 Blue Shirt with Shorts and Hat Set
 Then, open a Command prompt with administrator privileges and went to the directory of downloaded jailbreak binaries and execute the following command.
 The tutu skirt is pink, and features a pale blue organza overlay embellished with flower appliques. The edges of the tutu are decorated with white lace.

--

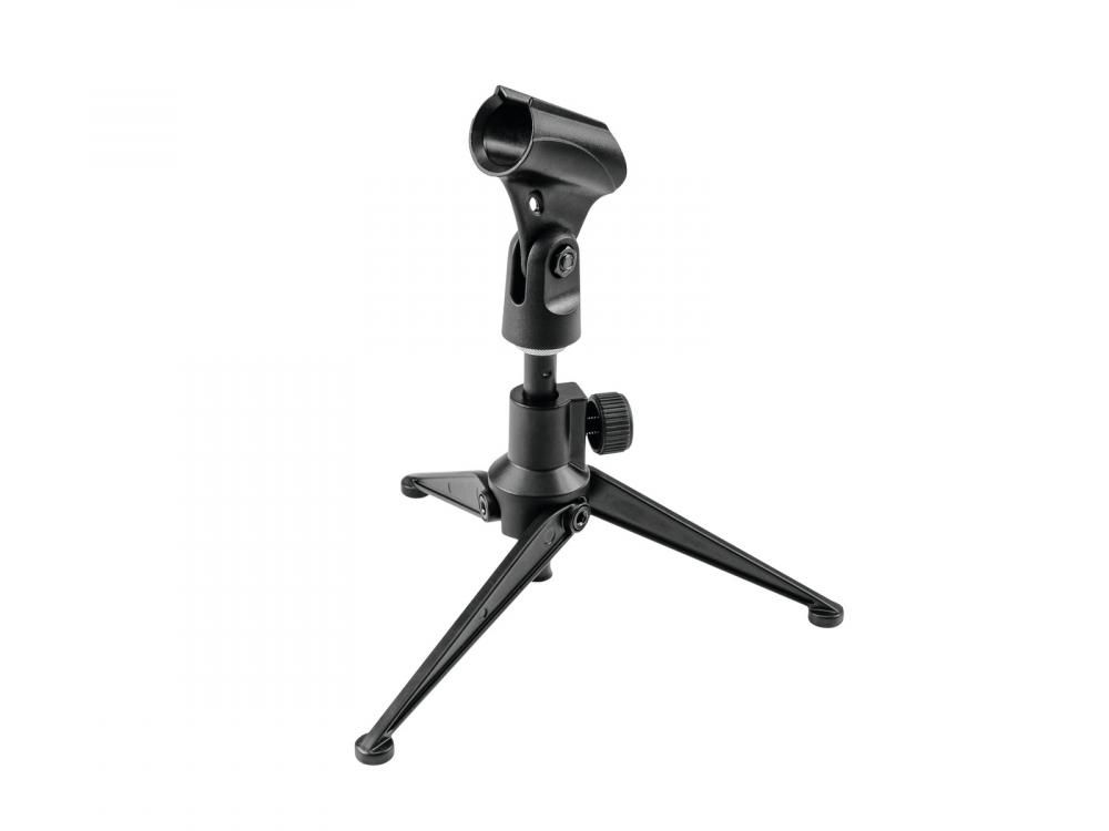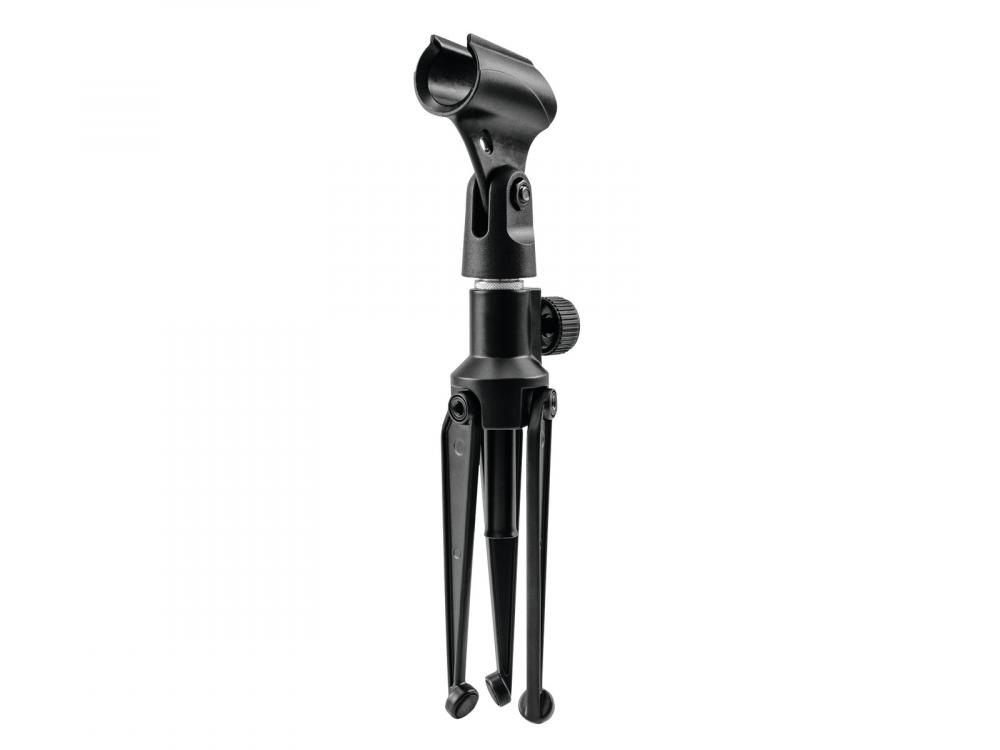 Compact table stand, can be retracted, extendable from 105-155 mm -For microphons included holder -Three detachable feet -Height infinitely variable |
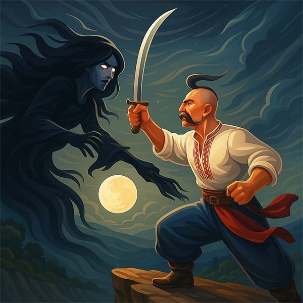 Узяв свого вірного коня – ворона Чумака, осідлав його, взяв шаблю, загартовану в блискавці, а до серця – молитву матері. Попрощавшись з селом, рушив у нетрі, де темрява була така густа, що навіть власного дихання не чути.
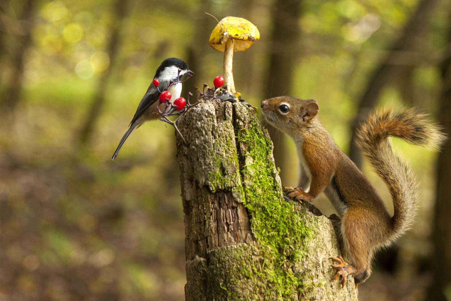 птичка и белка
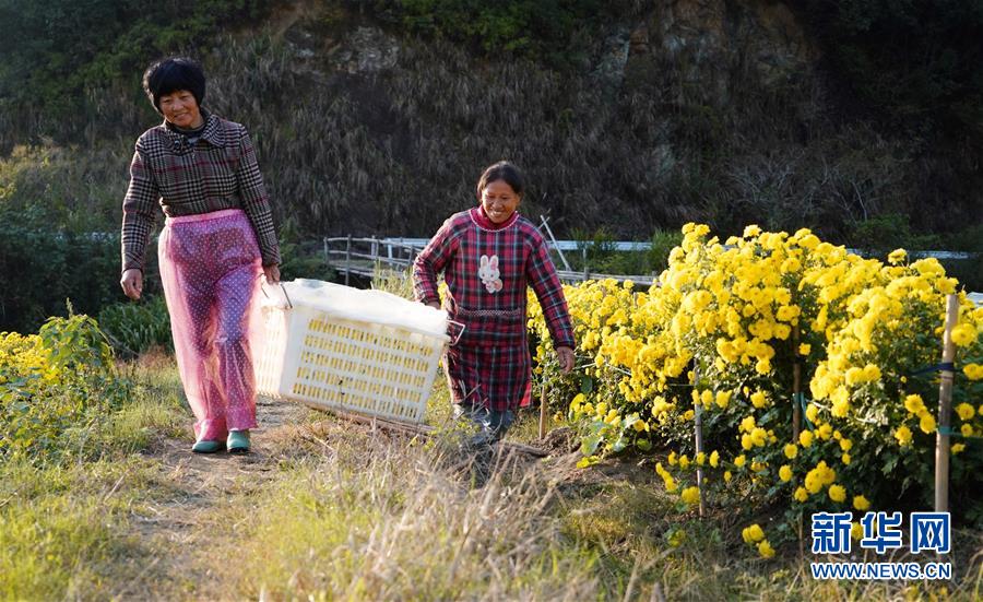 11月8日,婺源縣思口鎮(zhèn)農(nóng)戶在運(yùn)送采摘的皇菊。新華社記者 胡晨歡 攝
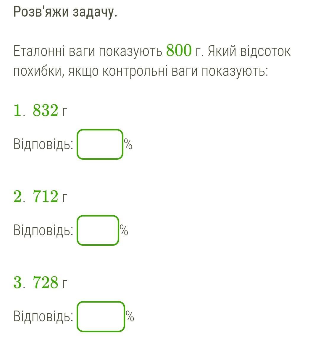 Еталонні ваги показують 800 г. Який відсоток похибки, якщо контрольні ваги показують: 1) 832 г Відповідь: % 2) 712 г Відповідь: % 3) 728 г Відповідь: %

Work item → Leaving all pictures out, output exactly the lines of the material above from the line with "11月8日,婺源縣思口鎮(zhèn)農(nóng)戶在運(yùn)送采摘的皇菊。新華社記者 胡晨歡 攝" to the line with "Еталонні ваги показують", both included.

Answer box →
 11月8日,婺源縣思口鎮(zhèn)農(nóng)戶在運(yùn)送采摘的皇菊。新華社記者 胡晨歡 攝
 Еталонні ваги показують 800 г. Який відсоток похибки, якщо контрольні ваги показують: 1) 832 г Відповідь: % 2) 712 г Відповідь: % 3) 728 г Відповідь: %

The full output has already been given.